GCF is a drop-in replacement for JSON in AI pipelines.

Encode any structured data as GCF before sending it to an LLM. The model reads it natively with zero format instructions. decode() converts back to JSON when a human needs to see it.

  • 79% fewer input tokens. 11,090 vs 53,341 for JSON at 500 records.
  • 63% fewer output tokens. 5,976 bytes vs 16,121 for JSON at 100 symbols.
  • 90.7% comprehension accuracy across 10 models and 3 providers, where JSON averages 53.6%.
  • Four models hit 100%. Claude Sonnet, Gemini 2.5 Pro, Gemini 3.1 Pro, Gemini 3.5 Flash.
  • Zero training. No model has ever seen GCF in training data. Every frontier model reads it natively.

Why not just use JSON?

JSON works at small scale. At 8 records, every format scores near 100%. The problems start when payloads grow.

At 500 records, JSON scores 53.6% comprehension accuracy across 10 models. GPT-5.5 returns empty strings. Claude Opus spends 143 lines manually enumerating symbols and still gets the wrong answer. The repeated field names ("qualified_name":, "kind":, "score": on every record) consume 53,341 tokens of structural noise that overwhelms the model's attention.

GCF declares field names once in a header. Rows are positional values. The same 500-record payload uses 11,090 tokens and scores 90.7% accuracy. Four models hit 100%.

The format designed for human readability is incomprehensible to the systems actually reading it. Full benchmark data.

When to use GCF

Tool responses (input to LLM):

  • Any MCP tool response with arrays of objects
  • API responses, database query results, search results
  • Log entries, telemetry, event streams
  • Code intelligence results (symbols, call graphs, dependencies)

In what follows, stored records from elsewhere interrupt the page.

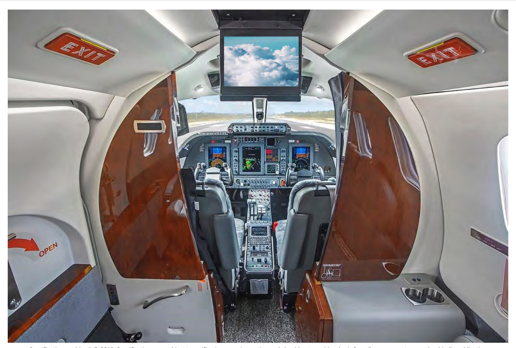
Specifications as March 7, 2019. Specifications are subject to verification upon inspection and should not provide a basis for reliance or create any other binding obligation.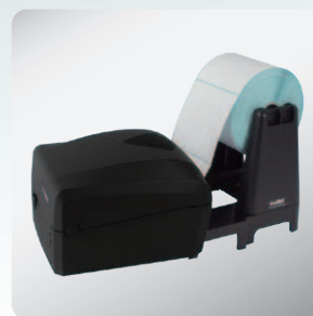
High cost-effectiveness for large amount printing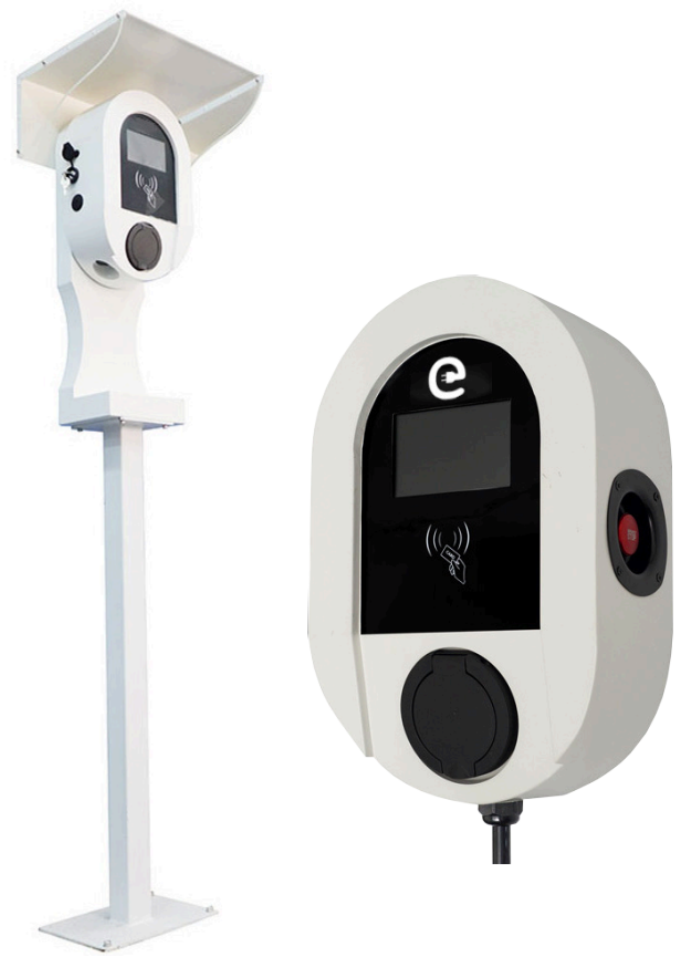
Wall mounted or floor mounted using a pedestal

Agent output (produced by LLM):

  • Agent-to-agent communication in multi-agent workflows
  • Structured output where you want to minimize output tokens
  • Any case where the model returns structured data

GCF is most effective when:

  • Payloads contain repeated structures (arrays of similar objects)
  • Records have relationships between them (edges, references)
  • You're operating under a token budget (context windows are finite)
  • You make multiple calls in a session (session dedup compounds savings)
  • You want cheaper output (63% fewer tokens than JSON, 33% fewer than TOON)

When NOT to use GCF

  • Single scalar values (just return the value)
  • Systems that require JSON schema validation: call decodeGeneric() first, then validate the decoded object with any JSON Schema validator. The schema validates the data structure, not the wire encoding.
  • Consumers that can't parse non-JSON (use the MCP proxy to bridge)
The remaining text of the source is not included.